What to work on:
Starting with the line that contains "Long-lasting and weather-resistant, TERRO" and ending with the last line of the entries, repeat exactly those lines and nothing else, pictures excluded.

____

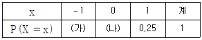 확률변수 X의 확률분포가 다음과 같다.
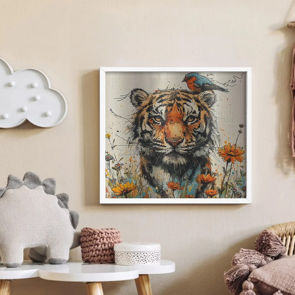 14CT Full Stamped Cross Stitch Kit - Tiger (50*45CM)
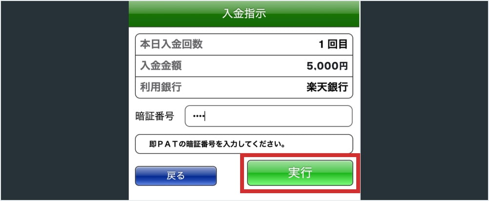 確認画面でフォームに暗証番号を入力後[実行]ボタンを押下
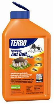 Long-lasting and weather-resistant, TERRO Perimeter Ant Bait Plus granules kills outdoor ants – including carpenter ants. The bait also eliminates cockroaches, crickets, earwigs, silverfish, slugs and snails.
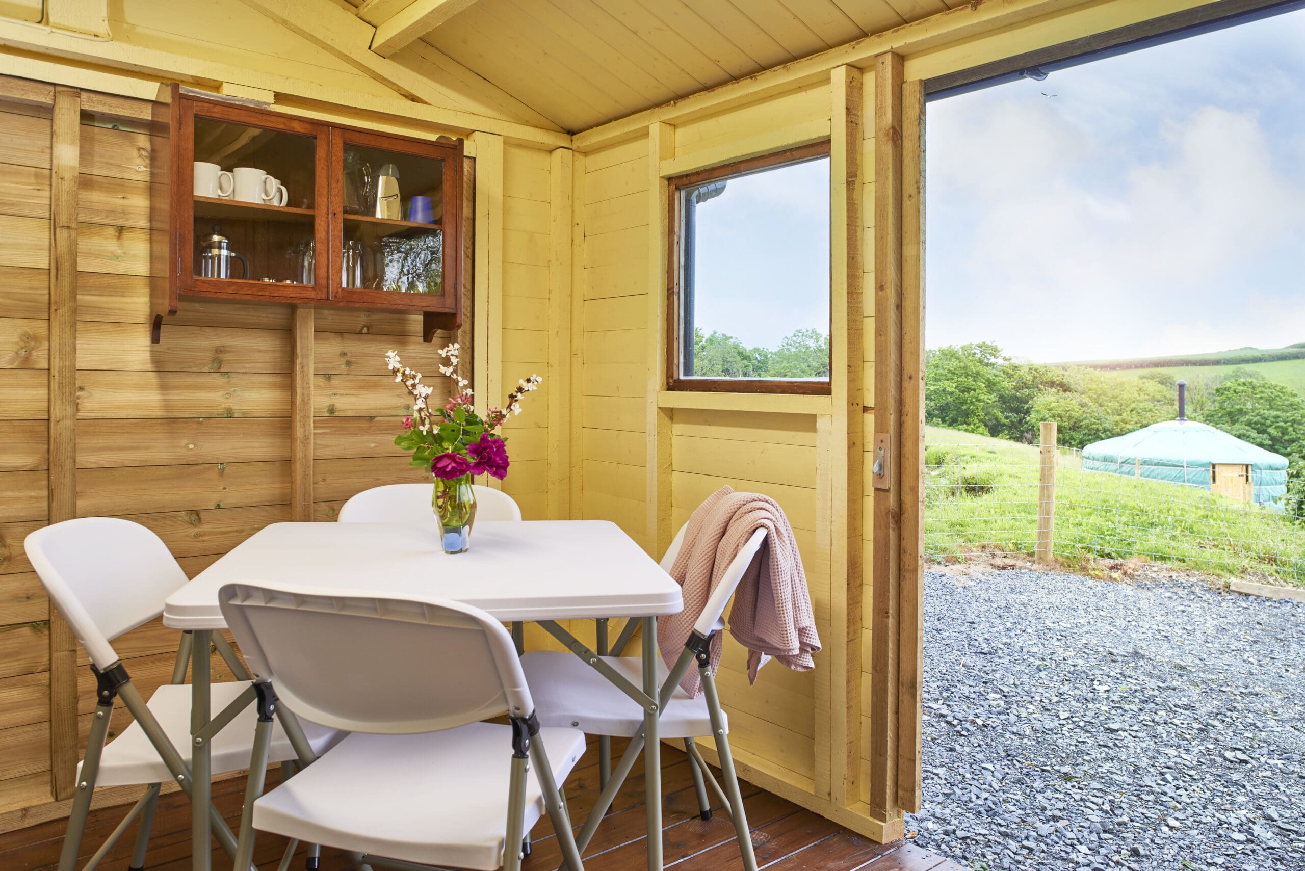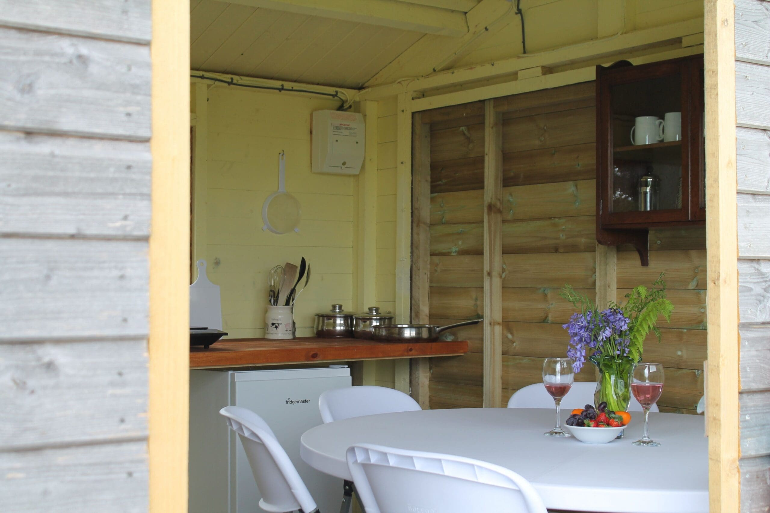Each yurt has its own kitchen area, which includes a fridge/freezer, microwave, toaster, electric kettle, and a two-ring induction hob. There is also a folding table and chairs, allowing guests to dine indoors if it’s raining. The kitchen area is equipped with two USB charging points for laptops, tablets, and phones. Each yurt is provided with a Weber BBQ and a covered outdoor area, so the BBQ can be used even in the rain.

____

Task solution:
 Long-lasting and weather-resistant, TERRO Perimeter Ant Bait Plus granules kills outdoor ants – including carpenter ants. The bait also eliminates cockroaches, crickets, earwigs, silverfish, slugs and snails.
Each yurt has its own kitchen area, which includes a fridge/freezer, microwave, toaster, electric kettle, and a two-ring induction hob. There is also a folding table and chairs, allowing guests to dine indoors if it’s raining. The kitchen area is equipped with two USB charging points for laptops, tablets, and phones. Each yurt is provided with a Weber BBQ and a covered outdoor area, so the BBQ can be used even in the rain.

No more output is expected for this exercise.